The sun has set once again in the distance; a blazing sun has delved into the horizon, leaving an orange and red trail. In its wake, a dark screen has appeared in the landscape above us. A hot day has turned into a cool evening, and the palm trees are dimly lit by the artificial lightening adorning our hotel. The only sound we can hear is that of the sea breeze rustling through the wide, thick, leaves of those same palm trees. A few hours ago, when the sun was at its zenith, the sky was a light, ever expanding, paint brush of blue. As the sun waved good-bye, this same sky turned into a black canvas illuminated with speckles of star dust.

Dogs are barking in the distance, and from a distance, a listener can never quite tell what the barking is about. These street creatures could be playfully shouting at each other, menacing one another, or simply defending a territory that they claim is theirs, but is actually the land of another, more powerful entity. These dogs act just like humans, or should I say, we humans act just like these dogs.

This small fishing village town, wrestled from the slumber of rural life by Lonely Planet and leisure tourism, is quiet, and sparsely populated. Across the coastline hotels and restaurants have sprung up, like seeds of trees watered by liquid cash. Yet, they seem mostly locally owned, quite rudimentary and yet charming at the same time.

The menus across these different restaurants resemble each other, offering a small variety of sea food and chicken dishes in various combinations of sauces, garnishes, and with the same selection of beers and refreshments. All the beers are local, all of the tables and chairs are plastic and most are advertising paraphernalia for the country’s largest beer companies. Every table you sit at will have a jar of picante and limes in the middle. Every server will be local, blessed with long black shining hair, and dark brown skin hardened by lives under the sun. Every server will share a quick smile, will fail to hold eye contact for too long and will serve you with a respect that never suggests the veil that separates you from them will ever be broken.

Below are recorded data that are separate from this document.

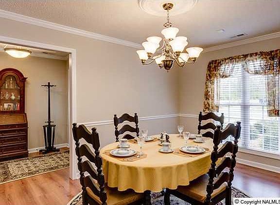 For more information, contact Roy Claytor at (256) 656-2921. Visit http://www.crye-leike.com/huntsville/844287 to view more pictures of this property. SPOTLESS, FULL BRICK, RANCHER 5 MILES SOUTH OF HAMPTON COVE! ISOLATED MASTER, WHIRLPOOL & GLAMOUR BATH, VAULTED CEILING & FAN IN GREAT ROOM. FORMAL DINING W/LAMINATE WOOD FLOORING & TILE IN WET AREAS. CUL-DE-SAC LIVING IN A QUIET NEIGHBORHOOD. CAT 5 WIRING FOR COMPUTERS, WIRED FOR SURROUND SOUND IN GREAT ROOM. ADDITIONAL ATTIC INSULATION (12 INCHES DEEP), LOTS OF STORAGE PLUS A LIVE KOI POND OUT BACK.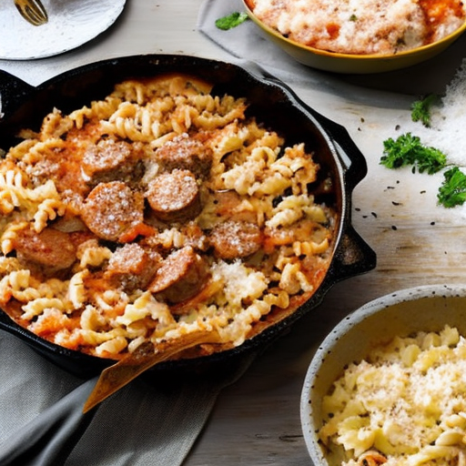 Una sabrosa sartén italiana con salsiccia, macarrones y arroz.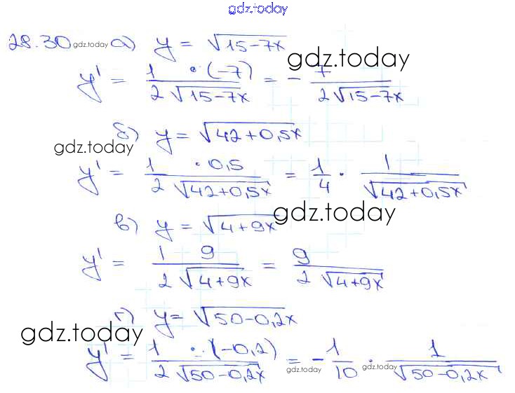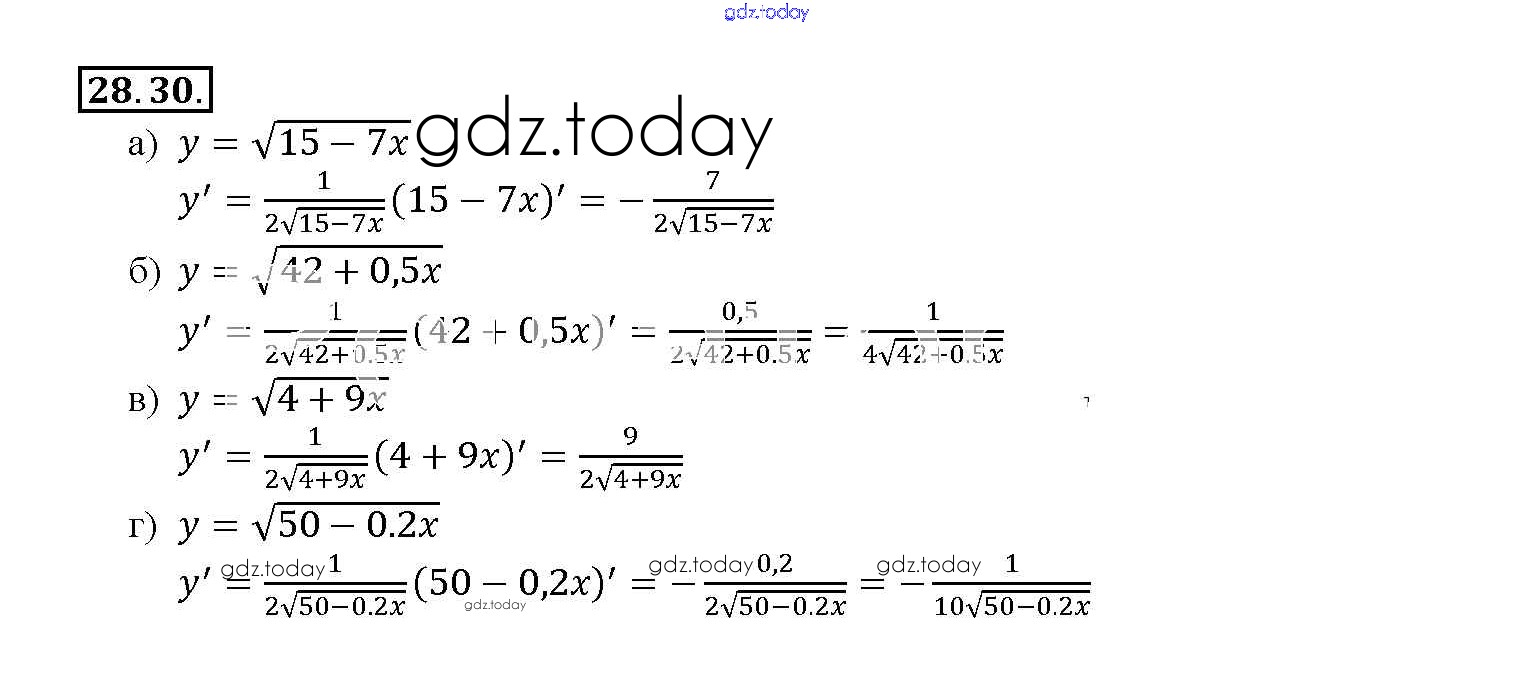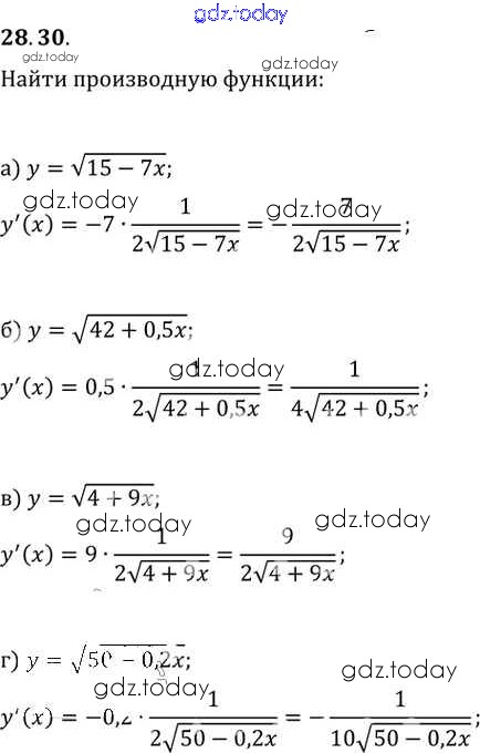 Ответы к §28. Вычисление производных Глава 5 28. 30 Задачнику по Алгебре для 10-11 класса Мордкович, Денищева Базовый уровень Мнемозина 2015

In this small Mexican fishing village where the conglomerate hotels and gentrified foreign investment have come to die, there is no accommodation for what an outsider may prefer. The town is unassuming and therefore doesn’t assume much about what others like. They serve fish, because fish is abundant, and they serve beer because the Mexicans who frequent these places love beer. They serve aqua de Jamaica and Horchata because, for generations, those are the drinks that have been sourced to refresh the local population. The picante is hot because Mexicans eat picante for breakfast, lunch and dinner. The tortillas are made out of corn, served in a basket and placed on the table without asking for permission because corn is the staple diet of the country these people were born in.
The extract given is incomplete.